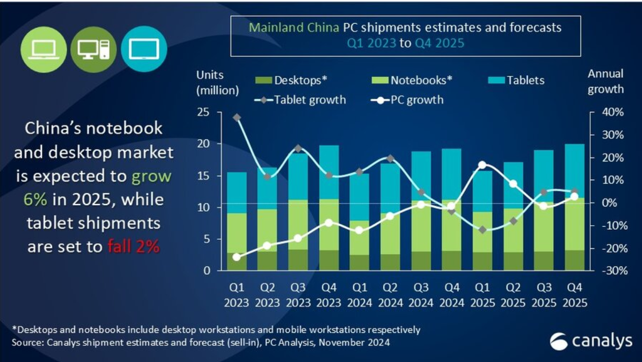 В прошедшем квартале продажи персональных компьютеров на рынке Китая сократились на 1%, всего было продано 11.1 млн устройств, приводит данные исследовательская компания Canalys. При этом прогнозируется, что в следующем году рынок ПК в Китае начнёт расти, и рост может составить 6% по итогам 2025 года. Предполагается, что сегмент настольных компьютеров вырастет на 9%, а рынок ноутбуков подрастет на 4%. В текущем году поставки планшетов покажут рост на 5%, до уровня 7.7 млн устройств, темпы продаж планшетов в следующем году немного снизятся и составят 2% по итогам года. Во второй половине 2024 года на рынок существенное влияние оказали государственные стимулирующие меры в области розничной торговли, что привело к росту продаж персональных компьютеров. Эти меры должны проявить себя в четвёртом квартале текущего года, что, предположительно, позволит рынку ПК продемонстрировать небольшой рост в конце года.
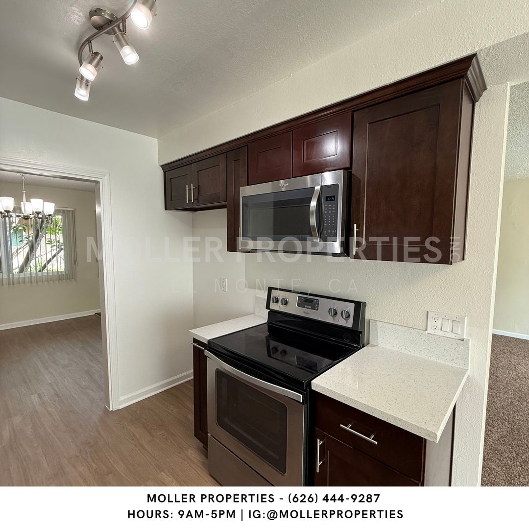 Alhambra - Beautiful 2 bedroom / 2 bathroom apartment for rent, Wall heating, updated fixtures, appliances, beautiful New flooring and carpet in unit. Water and Trash paid by owner, near schools and transportation, carport parking and on-site laundry facility.
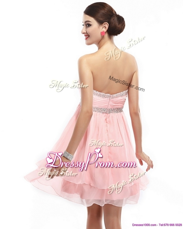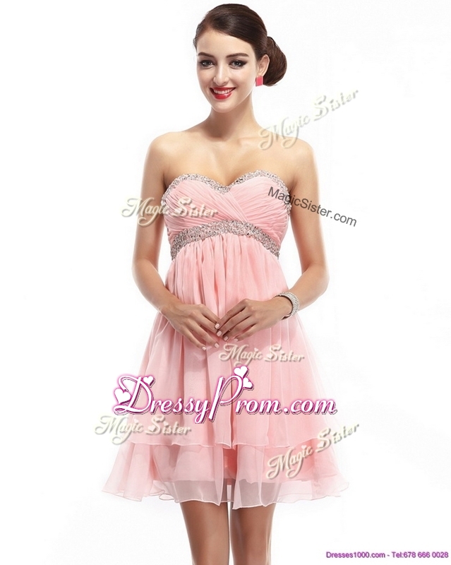 Neckline : SweetheartShown Color : Pink Silhouette : ShortSleeve Length : sleevelessHemline : mini lengthBack Detail : ZipperFabric : ChiffonOccasion : Prom,Party,Cocktail,Homecoming,GraduationSeason : Spring,Summer,Fall
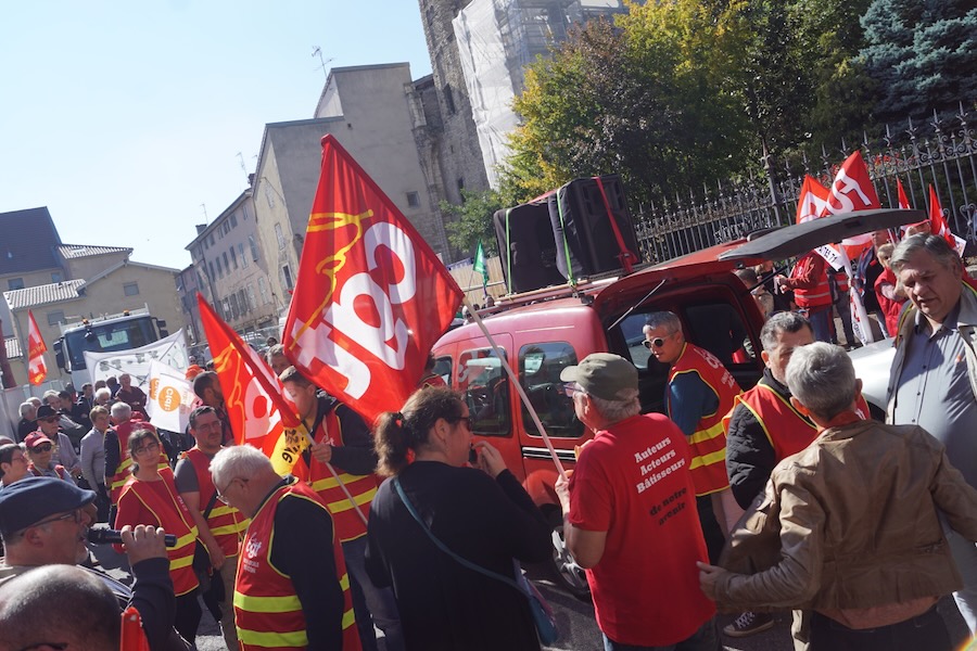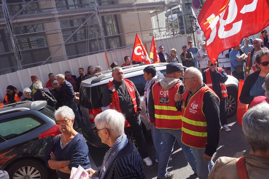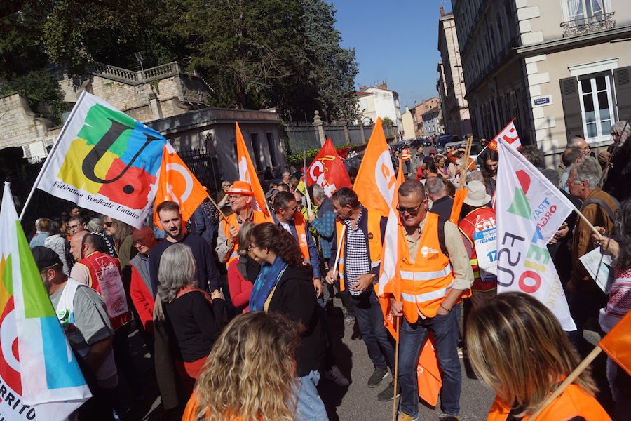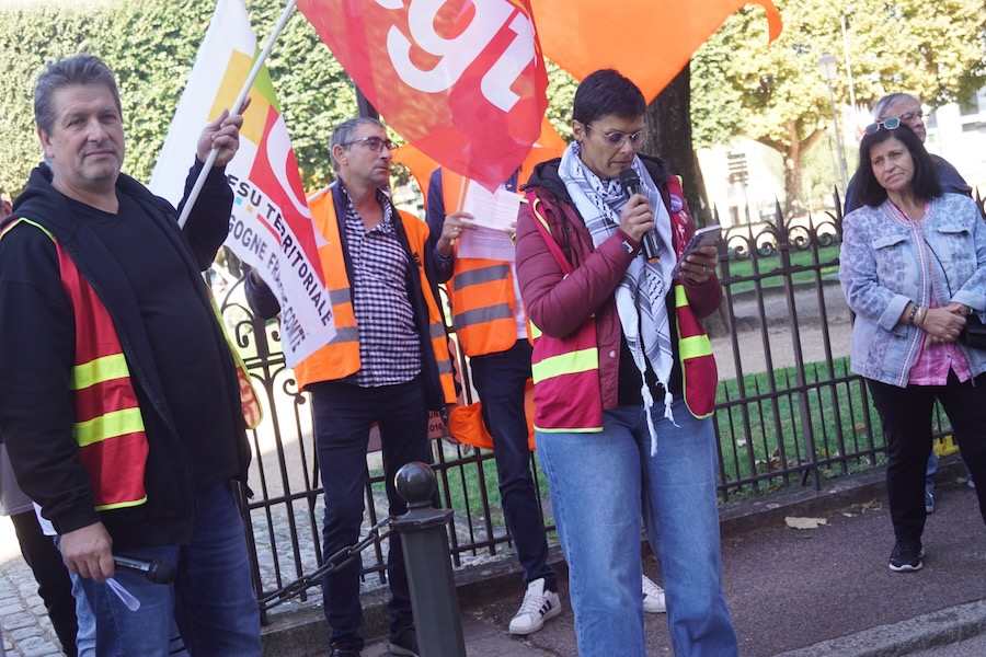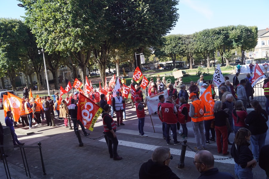 Nouvel appel à la grève ce 2 octobre par les différents syndicats qui ont à nouveau fait une déclaration commune. Les représentants de la CFDT, de la CGT, de FO et de FSU ont prononcé quelques mots devant le square de la Paix vers 14h45 cet après-midi, après être partis de la préfecture, point de rassemblement.
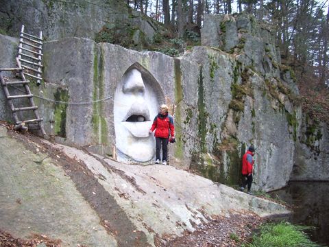 Vidíte, že až k Uchu a Ústům můžete přijít, kdežto Oči můžete obdivovat jen zdálky – zato se krásně zrcadlí na hladině zatopeného lomu.
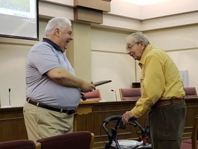 John Baranek was presented with a plaque at the member meeting November 26th in honor of his service and dedication to Stow Historical Society. John has been a member for 22 years and has served in several positions on the Board. He has been Board President for 11 years, making him the second longest serving President. (Paul Coleman was President for 12 years.) John will not be returning as Board President, but will remain active with the Society.
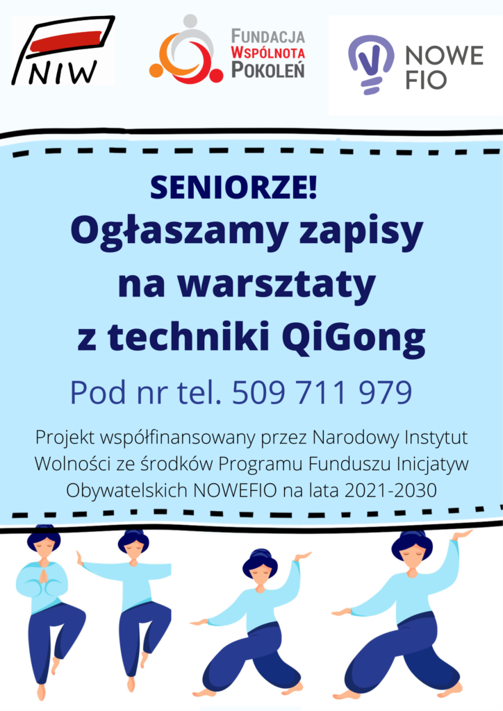 Grzecznościowo udostępniamy informację o warsztatach z techniki QiGong w Klubie Senior+.
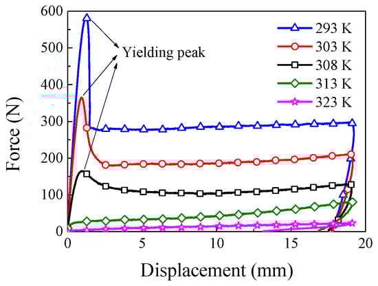 The force–displacement curves at different temperatures with the loading rate of 1 mm/s are shown in Figure 3. It can be seen from Figure 3 that the influence of temperature on mechanical properties of SMPU is obvious, and the yielding peak decreased gradually and vanished finally with the increasing temperature. Since the loss modulus appeared at a peak value near 313 K, as shown in Figure 2, the viscosity was so strong that the unloading curve exhibited a strong nonlinearity. The force response decreased remarkably and the yielding peak disappeared at 323 K since SMPU presented a rubbery state at high temperature [24].
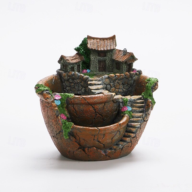 1pc Magic Garden Planting Pot - Fantasy Fairy House Design with stone walls ladders colorful flowers resin succulents and flower pots mini landscape containers for indoor and outdoor decoration 1

Your goal
Copy exactly the part of the material above that opens with the line containing "Nouvel appel à" and closes with the line containing "Vidíte, že až", ends included. Drop the images.

The completed task
 Nouvel appel à la grève ce 2 octobre par les différents syndicats qui ont à nouveau fait une déclaration commune. Les représentants de la CFDT, de la CGT, de FO et de FSU ont prononcé quelques mots devant le square de la Paix vers 14h45 cet après-midi, après être partis de la préfecture, point de rassemblement.
 Vidíte, že až k Uchu a Ústům můžete přijít, kdežto Oči můžete obdivovat jen zdálky – zato se krásně zrcadlí na hladině zatopeného lomu.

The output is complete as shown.